*Information supplied*.
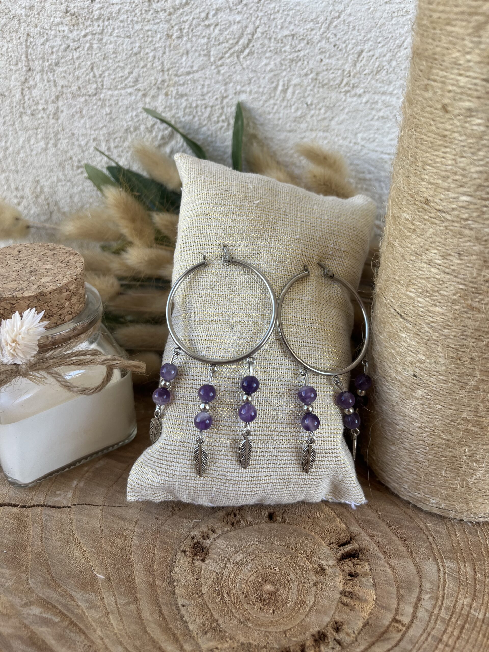 Boucles d’oreilles créoles en Améthyste 6mm, avec breloques plumes en acier inoxydable finition argenté.
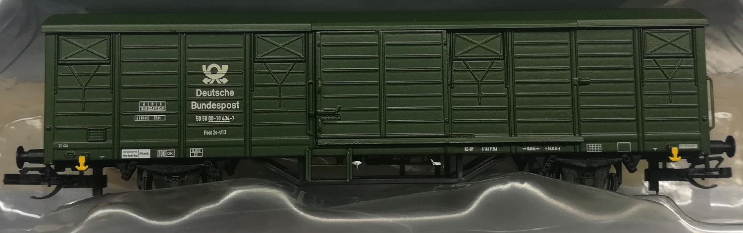 После объединения двух Германий в 1990 году, DR и DB продолжали функционировать, как два различных ведомства до 31 декабря 1993 года. И, напротив, ГДР-овская Deutsche Post, стала частью Deutsche Bundespost, практически сразу - в 1990 году. Поэтому, как предподожение, вагон относится именно к указанному периоду времени - с конца 1990 года, когда восточно-германская Deutsche Post была уже упразднена и соответственно на вагоне уже имеется лого Deutsche Bundespost, обслуживающая обе части единой ФРГ и до 1 января 1994 года, когда DR и DB ещё не были упразднены и структурно не преобразованы в единое Deutsche Bahn AG. По этой причине, возможно и наблюдается некий сумбур в обозначениях на вагоне - логотип почты уже общий в обеих частях Германии, но DR ещё была актуальной в восточной части ФРГ.
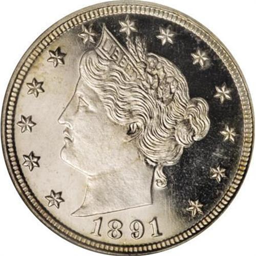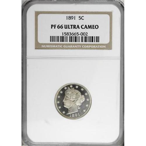 <B>1891 5C PR66 Ultra Cameo NGC.</B></I> Whispers of gold patina visit the peripheries of this still largely untoned Liberty nickel proof, with immense contrast between the frosty devices and glassy fields. The sharp strike further complements the attractive package. This issue is seldom seen with such deep cameo contrast, and this piece is tied with one other at NGC and exceeded only by a single PR67 Ultra Cameo (12/07).<BR><BR><b>Shipping:</b> Coins & Currency (<a target="_blank" href="http://www.heritageauctions.com/common/shipping.php">view shipping information</a>)

*Work instructions*. Reproduce the material word for word, but without its images.

*Solution for this exercise*.
 Boucles d’oreilles créoles en Améthyste 6mm, avec breloques plumes en acier inoxydable finition argenté.
 После объединения двух Германий в 1990 году, DR и DB продолжали функционировать, как два различных ведомства до 31 декабря 1993 года. И, напротив, ГДР-овская Deutsche Post, стала частью Deutsche Bundespost, практически сразу - в 1990 году. Поэтому, как предподожение, вагон относится именно к указанному периоду времени - с конца 1990 года, когда восточно-германская Deutsche Post была уже упразднена и соответственно на вагоне уже имеется лого Deutsche Bundespost, обслуживающая обе части единой ФРГ и до 1 января 1994 года, когда DR и DB ещё не были упразднены и структурно не преобразованы в единое Deutsche Bahn AG. По этой причине, возможно и наблюдается некий сумбур в обозначениях на вагоне - логотип почты уже общий в обеих частях Германии, но DR ещё была актуальной в восточной части ФРГ.
 <B>1891 5C PR66 Ultra Cameo NGC.</B></I> Whispers of gold patina visit the peripheries of this still largely untoned Liberty nickel proof, with immense contrast between the frosty devices and glassy fields. The sharp strike further complements the attractive package. This issue is seldom seen with such deep cameo contrast, and this piece is tied with one other at NGC and exceeded only by a single PR67 Ultra Cameo (12/07).<BR><BR><b>Shipping:</b> Coins & Currency (<a target="_blank" href="http://www.heritageauctions.com/common/shipping.php">view shipping information</a>)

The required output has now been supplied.